ASSIGNMENT
Restate word for word the section of the entries that opens at the line containing "In 1934, the" and closes at the line containing "Med denne hub", both lines kept, pictures dropped.

ENTRIES SHOWN
'''

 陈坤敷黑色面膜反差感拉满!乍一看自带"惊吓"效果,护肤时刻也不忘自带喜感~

'''
'''

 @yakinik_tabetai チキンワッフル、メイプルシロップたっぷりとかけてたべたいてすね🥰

'''
'''

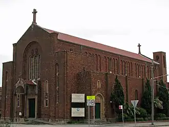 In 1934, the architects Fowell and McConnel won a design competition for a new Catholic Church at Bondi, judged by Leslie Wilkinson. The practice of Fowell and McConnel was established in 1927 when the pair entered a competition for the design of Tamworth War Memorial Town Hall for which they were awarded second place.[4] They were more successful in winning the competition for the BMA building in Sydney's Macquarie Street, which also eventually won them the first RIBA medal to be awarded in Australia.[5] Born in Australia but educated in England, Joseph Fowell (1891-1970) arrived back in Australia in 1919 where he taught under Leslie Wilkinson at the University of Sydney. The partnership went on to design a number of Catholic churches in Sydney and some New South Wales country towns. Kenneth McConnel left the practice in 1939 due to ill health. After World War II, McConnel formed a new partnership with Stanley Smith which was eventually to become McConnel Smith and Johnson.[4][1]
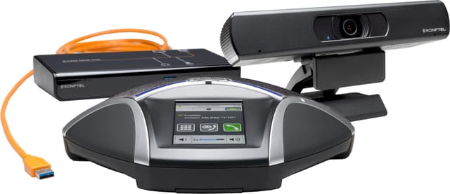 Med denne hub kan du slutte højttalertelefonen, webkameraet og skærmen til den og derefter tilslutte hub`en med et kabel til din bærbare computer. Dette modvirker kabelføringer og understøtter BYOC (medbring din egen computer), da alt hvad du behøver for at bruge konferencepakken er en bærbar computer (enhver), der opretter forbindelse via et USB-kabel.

'''

EXERCISE RESPONSE
 In 1934, the architects Fowell and McConnel won a design competition for a new Catholic Church at Bondi, judged by Leslie Wilkinson. The practice of Fowell and McConnel was established in 1927 when the pair entered a competition for the design of Tamworth War Memorial Town Hall for which they were awarded second place.[4] They were more successful in winning the competition for the BMA building in Sydney's Macquarie Street, which also eventually won them the first RIBA medal to be awarded in Australia.[5] Born in Australia but educated in England, Joseph Fowell (1891-1970) arrived back in Australia in 1919 where he taught under Leslie Wilkinson at the University of Sydney. The partnership went on to design a number of Catholic churches in Sydney and some New South Wales country towns. Kenneth McConnel left the practice in 1939 due to ill health. After World War II, McConnel formed a new partnership with Stanley Smith which was eventually to become McConnel Smith and Johnson.[4][1]
 Med denne hub kan du slutte højttalertelefonen, webkameraet og skærmen til den og derefter tilslutte hub`en med et kabel til din bærbare computer. Dette modvirker kabelføringer og understøtter BYOC (medbring din egen computer), da alt hvad du behøver for at bruge konferencepakken er en bærbar computer (enhver), der opretter forbindelse via et USB-kabel.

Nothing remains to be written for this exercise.